- Exercise description:
Only text belongs in your copy of the listing below; reproduce it exactly and leave out the pictures.
········
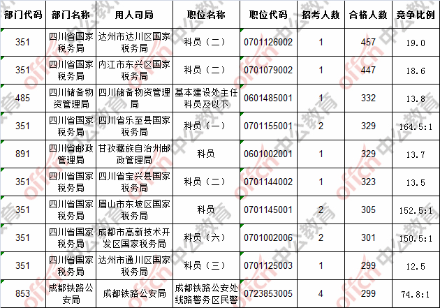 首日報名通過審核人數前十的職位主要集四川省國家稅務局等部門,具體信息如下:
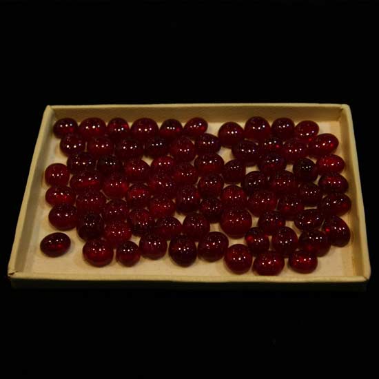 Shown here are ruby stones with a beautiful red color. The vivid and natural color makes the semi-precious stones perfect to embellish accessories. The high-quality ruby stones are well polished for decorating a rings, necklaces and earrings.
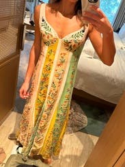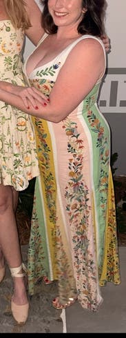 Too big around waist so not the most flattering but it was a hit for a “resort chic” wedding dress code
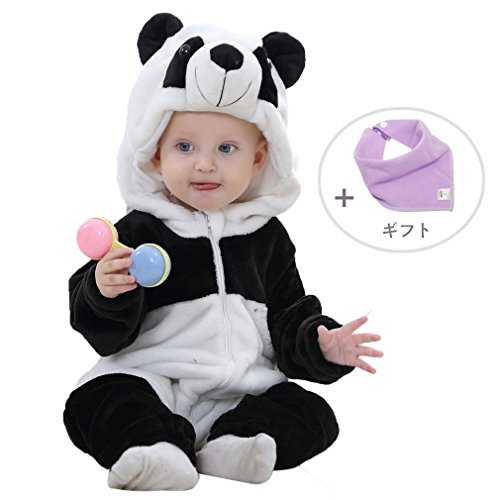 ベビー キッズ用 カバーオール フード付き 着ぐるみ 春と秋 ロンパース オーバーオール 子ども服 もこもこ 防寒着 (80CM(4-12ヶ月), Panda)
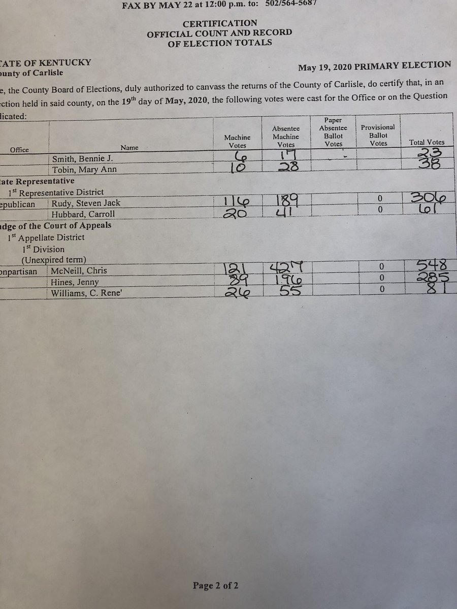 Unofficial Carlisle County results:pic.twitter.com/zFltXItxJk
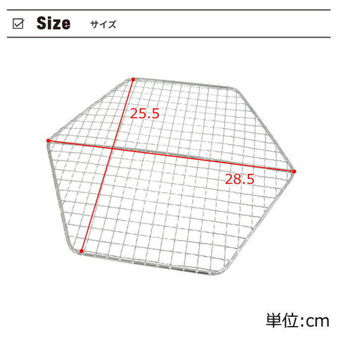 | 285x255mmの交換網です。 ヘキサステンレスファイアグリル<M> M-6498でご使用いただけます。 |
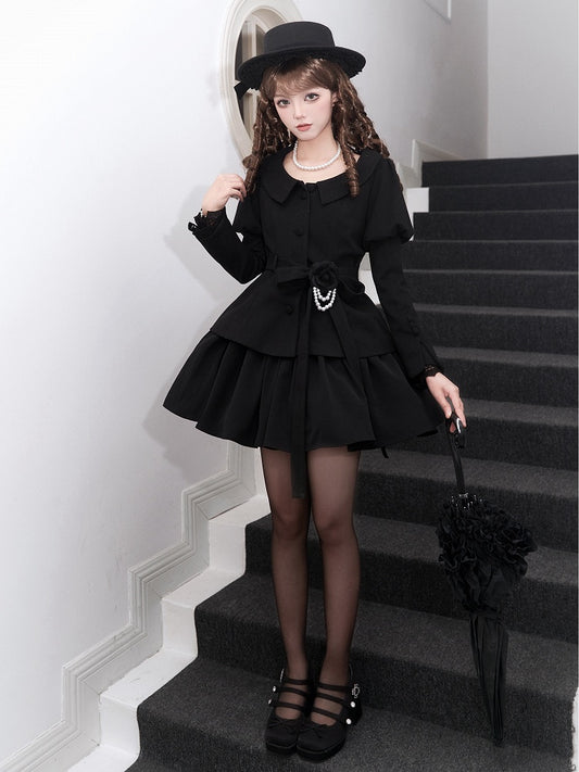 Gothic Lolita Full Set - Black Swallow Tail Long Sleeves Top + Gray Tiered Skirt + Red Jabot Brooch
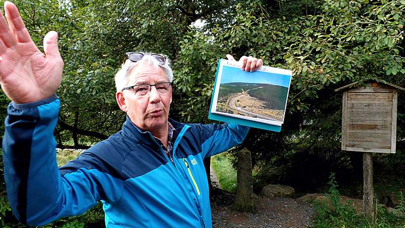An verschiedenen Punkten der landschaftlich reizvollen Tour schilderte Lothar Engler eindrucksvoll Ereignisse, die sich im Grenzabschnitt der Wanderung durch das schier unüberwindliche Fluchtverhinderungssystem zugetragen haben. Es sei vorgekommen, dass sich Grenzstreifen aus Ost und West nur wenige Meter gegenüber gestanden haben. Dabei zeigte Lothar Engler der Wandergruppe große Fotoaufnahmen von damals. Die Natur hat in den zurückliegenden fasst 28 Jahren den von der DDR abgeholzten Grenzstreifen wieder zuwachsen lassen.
········
- Output:
 首日報名通過審核人數前十的職位主要集四川省國家稅務局等部門,具體信息如下:
 Shown here are ruby stones with a beautiful red color. The vivid and natural color makes the semi-precious stones perfect to embellish accessories. The high-quality ruby stones are well polished for decorating a rings, necklaces and earrings.
 Too big around waist so not the most flattering but it was a hit for a “resort chic” wedding dress code
 ベビー キッズ用 カバーオール フード付き 着ぐるみ 春と秋 ロンパース オーバーオール 子ども服 もこもこ 防寒着 (80CM(4-12ヶ月), Panda)
 Unofficial Carlisle County results:pic.twitter.com/zFltXItxJk
 | 285x255mmの交換網です。 ヘキサステンレスファイアグリル<M> M-6498でご使用いただけます。 |
 Gothic Lolita Full Set - Black Swallow Tail Long Sleeves Top + Gray Tiered Skirt + Red Jabot Brooch
An verschiedenen Punkten der landschaftlich reizvollen Tour schilderte Lothar Engler eindrucksvoll Ereignisse, die sich im Grenzabschnitt der Wanderung durch das schier unüberwindliche Fluchtverhinderungssystem zugetragen haben. Es sei vorgekommen, dass sich Grenzstreifen aus Ost und West nur wenige Meter gegenüber gestanden haben. Dabei zeigte Lothar Engler der Wandergruppe große Fotoaufnahmen von damals. Die Natur hat in den zurückliegenden fasst 28 Jahren den von der DDR abgeholzten Grenzstreifen wieder zuwachsen lassen.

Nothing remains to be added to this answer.